"And, granting the doctrine of equality to be strictly true," continued the gentleman, "yet how long, how very long must it be, ere the race of mankind shall be able to throw off their prejudices—their present artificial condition, shall we call it?—so completely as to reinduce and reinstate that universal equality we have just agreed to be natural."
"Very sensible, sir," interjected Kucky Sarson; "but I am just thinking," he added, feeling some return of his usual confidence, "that equality never will be reinstated, unless we spread its great doctrines by all the means in our power. Equality must be enuntiated, maintained, and defended, sir; or, like other truths which have lain hid for ages, it will not produce any fruit."
"True, my good friend," answered the gentleman; "but permit me to remind you that practice is more powerful than precept. If we each sought to act towards our fellow-creatures as if they were really our brethren and sisters, the principles of a true equality would soon gain a citadel in each human heart. It is the putting into practice of this deep conviction of our common brotherhood which is really most worthy of our endeavours. We may contend against the artificial distinctions which are established among men till doomsday; but if we do not, on all occasions, display brotherly feeling towards our fellows, our contention will produce no salutary effect."
"Indeed, sir," said the barber, "I feel you are by far the more consistent philosopher of the two——"
"Nay," said the gentleman, cutting short the barber's strain of intended panegyric; "I would not have you suppose that I am a perfect practiser of the maxims I am recommending. I never yet found a man who fulfilled his own definition of a philanthropist, a patriot, or a philosopher,—that is, if his definition were worthy of being termed one. I only press this fact upon your notice, my friend: that I was once in the habit of talking as loudly about equality as yourself,—nay, even dogmatically about it, and that is not like your way of talking; but I have ceased to talk about the name, and am now endeavouring to spread the spirit of it. I try to do all the good I can, to make every one as happy as I can, to banish all the misery I can. I cannot always keep in mind that every human being I meet is my brother or sister; for the force of old habit is such that a pernicious aristocracy moves within me sometimes, but I try to keep it down. My friend, I am preaching to you, rather than conversing with you; but we will now leave this subject for some lighter theme, if you please; only permit me to say, in conclusion, that you must never believe yourself to be a thorough disciple of Equality while a grain of offence arises in your mind on seeing a gentleman converse with a gypsy."

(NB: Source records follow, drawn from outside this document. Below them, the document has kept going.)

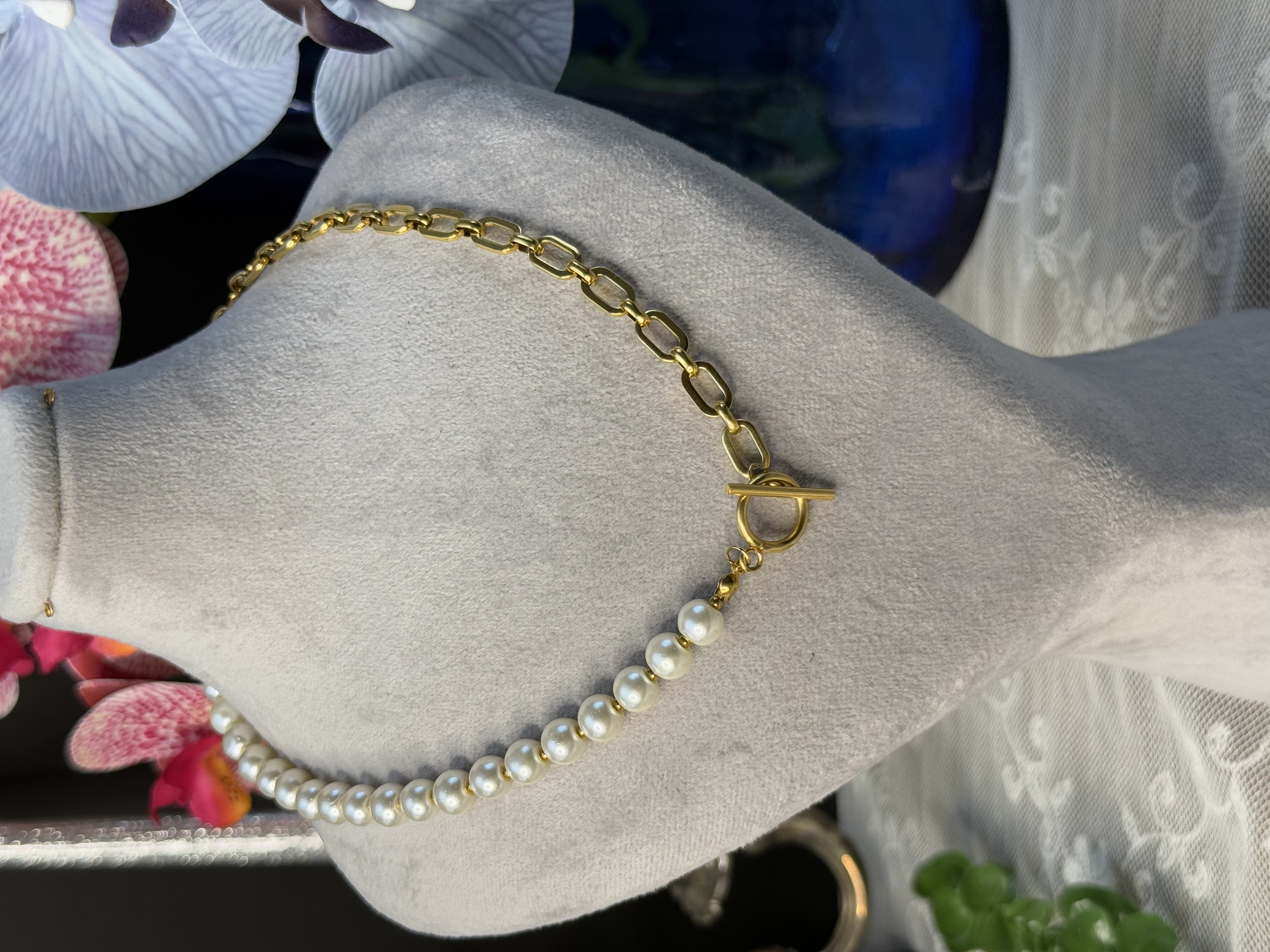 گردنبند زنانه نصف مرواریدی و نصف زنجیر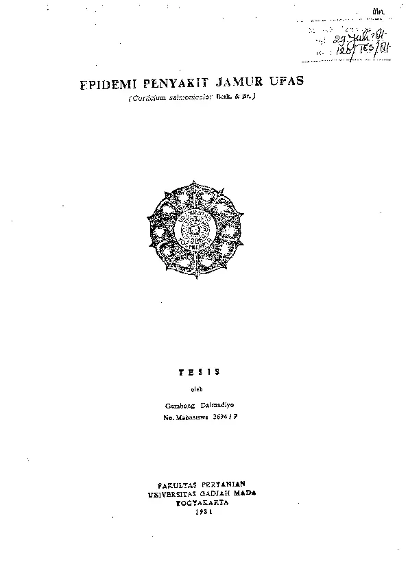 Epidemi Penyakit Jamur Upas (Corticium Salmonicolor Berk. & Br) Gembong Dalmadiyo Fakultas Pertanian UGM Konten Lokal Konten Lokal 31374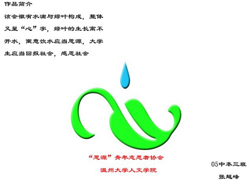 大众评委和嘉宾评委所选出的会徽图形设计作品都紧紧扣住本次活动的主题,同时也十分注重作品的创造性。作品突出“人文”“思源”“志愿者”,即任何一位志愿者都应积极无偿地参加一些社会公益活动,思源不忘本,以自己的爱回报社会,发扬志愿精神和公益精神,传递人文关怀,让爱的足迹绵绵不决。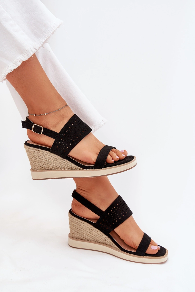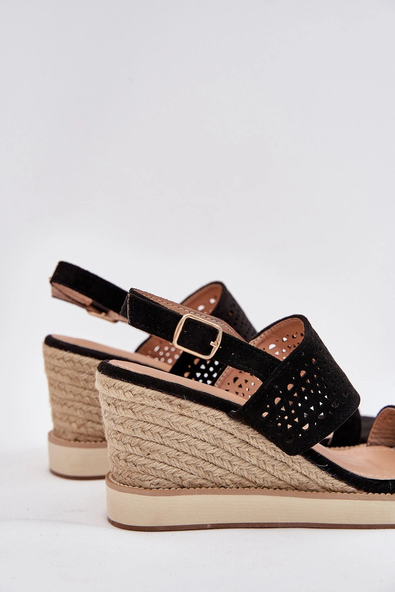 Sandały Damskie Ażurowe Na Koturnie Z Plecionką Czarne Zolira
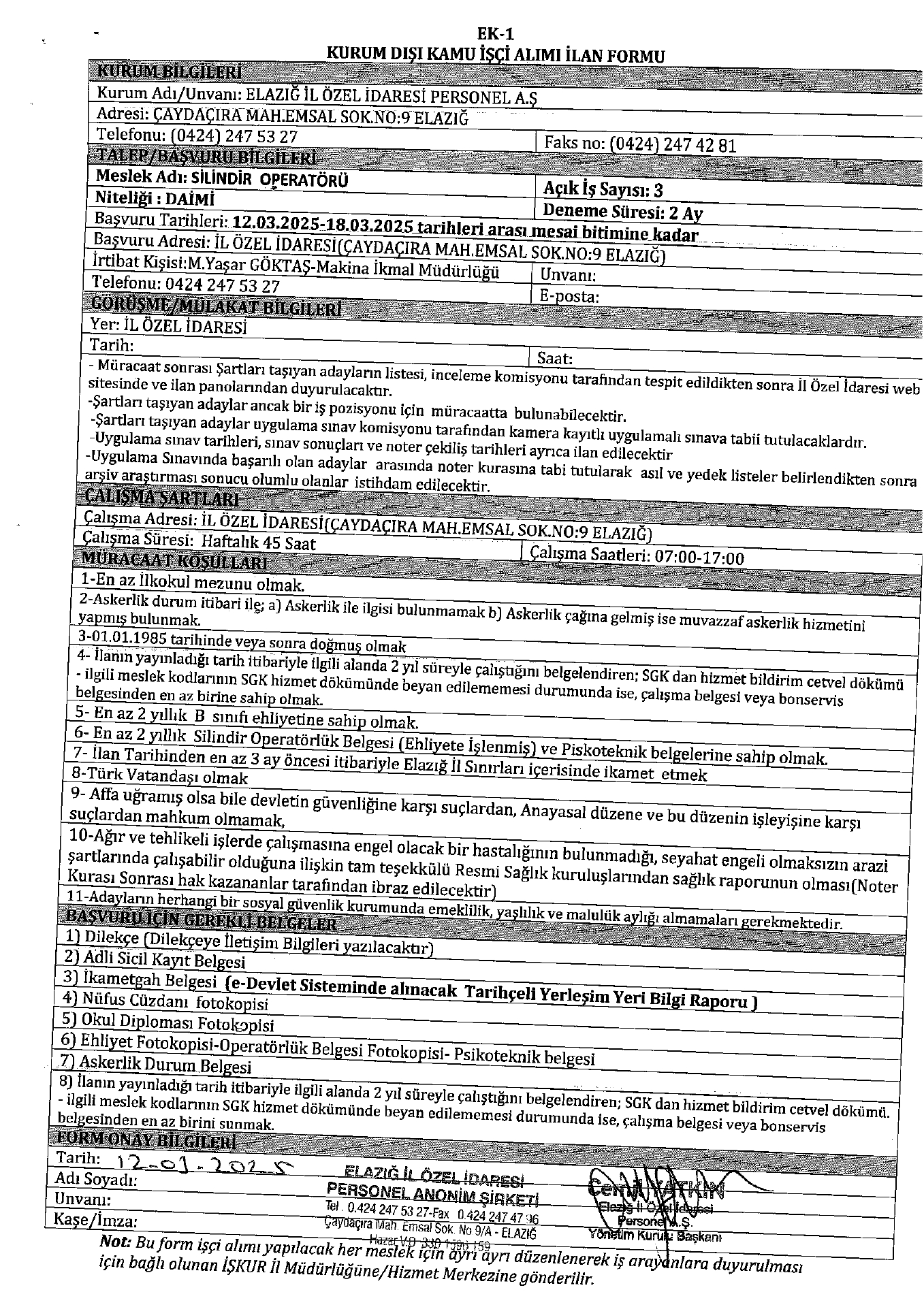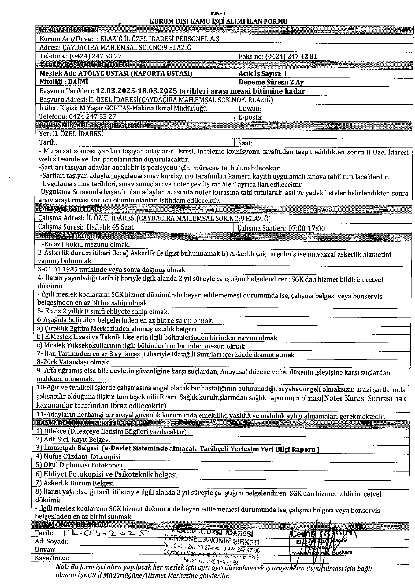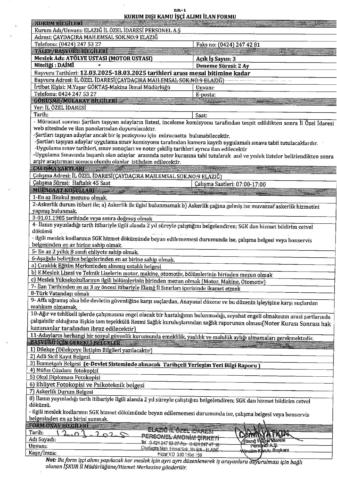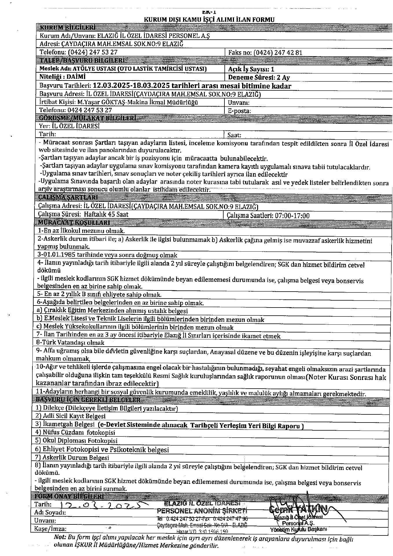 Elazığ İl Özel İdaresi 45 İşçi Alacak. Son başvuru tarihi 18 mart 2025

It would be tiresome to pursue any further the conversation of the barber and the strange gentleman. Suffice it to say that Kucky Sarson was an altered man from that day, though he never saw the gentleman again. He subdued the habit of expressing his convictions in terms which he knew must give offence and create prejudice, rather than advance truth, couch them as courteously as he might in the flourish of politeness. He turned his efforts, in the humble sphere of his conventional existence, rather towards preparing the world for rigid truth, than towards impelling the people into the acknowledgment and practice of principles of which they had not as yet learned the alphabet. These changes, to Kucky Sarson's honour be it spoken, came over his spirit, not through cowardice,—for he possessed enough of strength of mind and principle to have braved a prison, had he thought his lot cast in the fitting and becoming time: it was honest conviction which acted as a mollifier of Kucky's manners, and the usefulness of the change in him was evidenced by the greater good he effected in his modified character. He preserved his grandfather's favourite saying to the last day of his life; and, as no one sought more ardently to fulfil the character of an humble philanthropist,—to alleviate distress wherever he found it,—to soften and dissipate asperity of temper, and to create the genuine feeling of brotherhood, and the practice of self-sacrifice among all men,—so his name and favourite adage were remembered after his death; insomuch that when a word tending to difference arose among the plain inhabitants of Caistor-in-Lindsey, it was usually succeeded, and the difference prevented, by some one observing, "Why, neighbours, what's the use of wrangling? You know what good Kucky Sarson used to say,—'Right is every man's, and Wrong is no man's right.'"
RAVEN DICK, THE POACHER;
OR,
"WHO SCRATCHED THE BULL?"
Kiah Dobson,—they always called him Kiah "for shortness sake," as we used to say in Lincolnshire; but his full name was Hezekiah,—Kiah Dobson was a hearty buck of a farmer, who ploughed about fifty acres, and fed sheep and bullocks on about fifty others. He was a tenant of good old Squire Anderson, the ancestor of the Yarboroughs, who are called Lords in these new-fashioned times. Lindsey and its largest landlord presented, it need scarcely be said, very different features sixty years ago to those they present now. Squire Anderson kept a coach, but he had not three or four, like his successor, the peer: he had one good house at Manby, but he had not that and a much grander one at Brocklesby, another at Appuldercome, in the Isle of Wight, and another in town.